Facts: The case concerned a Georgian national who applied for international protection at the IPO in September 2019. He completed the section 13 process, but not the section 15 process required to complete the lodging of his application. This was because he required a Georgian interpreter, and he was informed that he would be contacted when this could be arranged. He submitted that he did not subsequently hear from the IPO. Following contact via his social worker, he secured an appointment to complete the section 15 process in December 2019. The applicant was given an international protection questionnaire to complete. He sought legal advice and subsequent extensions to the deadline to return the questionnaire, including for reasons relating to COVID-19 and securing a translator. These were granted by the IPO and when the questionnaire was received by the IPO, there was no suggestion that it would not be considered or that the applicant had not cooperated in the process.
The applicant applied for a labour market access permission in June 2020. This was refused on the ground that the applicant was found to have contributed to the delay in the processing of his international protection application. This decision was appealed to the IPAT, which upheld the decision of the Labour Market Access Unit (LMAU). The applicant instituted judicial review proceedings challenging the decision of the IPAT.
Reasoning: In the High Court ruling on 9 June 2022, Heslin J. held that the refusal from the LMAU was unfounded. He held that there was no evidence of a delay attributable to the applicant in the events that took place between his making of an application for international protection and the submission of a questionnaire. Heslin J. held that the refusal decision, and the upholding of this decision in the IPAT, was irrational and unreasonable, particularly in the context of the COVID-19 pandemic, the related public health measures and the flexibility given by the IPO during this period. He held that as such the decision of the LMAU was not based on evidence and that the principle of fair procedures was not followed. The applicant was also not notified of the finding that he had not cooperated with the IPO (a finding which the IPO had not reached).
Heslin J. also identified a difference between the labour market access provisions under Article 15 of the recast Reception Conditions Directive 2013/33/EU and its transposition in regulation 11 of the European Communities (Reception Conditions) Regulations 2018 (SI 230/2018).

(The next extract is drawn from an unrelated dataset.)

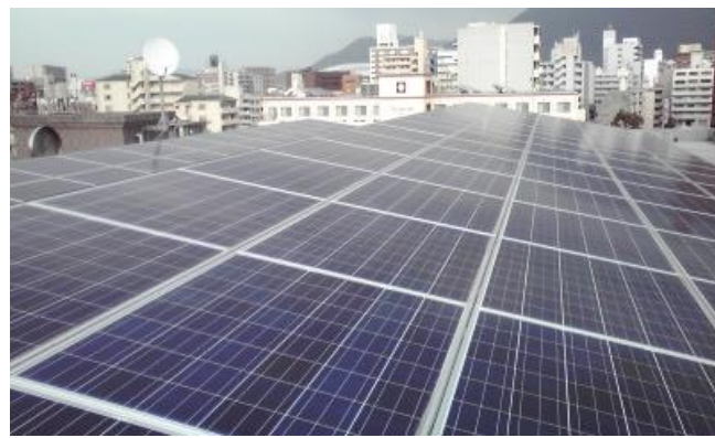
節税に絶大な威力を発揮する太陽光発電

Regulation 11(4)(b) states that a labour market access permission will be granted subject to certain conditions being met, including that the delay in processing a protection application “cannot be attributed, or attributed in part, to the applicant”, whereas Article 15 of the Directive provides that the delay “cannot be attributed to the applicant.” As such, the transposition of the Directive diluted the provisions of the Directive on labour market access.
In the second high court ruling on this case on 17 May 2023, Ferriter J. held that the applicant was entitled to Francovich damages. He held that it met the conditions required, recognising that Article 15(1) of the Directive can be understood to confer a right on individuals and that Article 15(2) requires Member States to ensure access to the labour market is effective. The clear and material difference between the Directive and the transposition in the 2018 Regulations weakened the labour market access provision and was serious enough for damages to be awarded.
Decision: The Court held that the applicant was entitled to damages under the Francovich test as a result of the Minister for Justice’s failure to properly transpose Article 15 of the recast Reception Conditions Directive.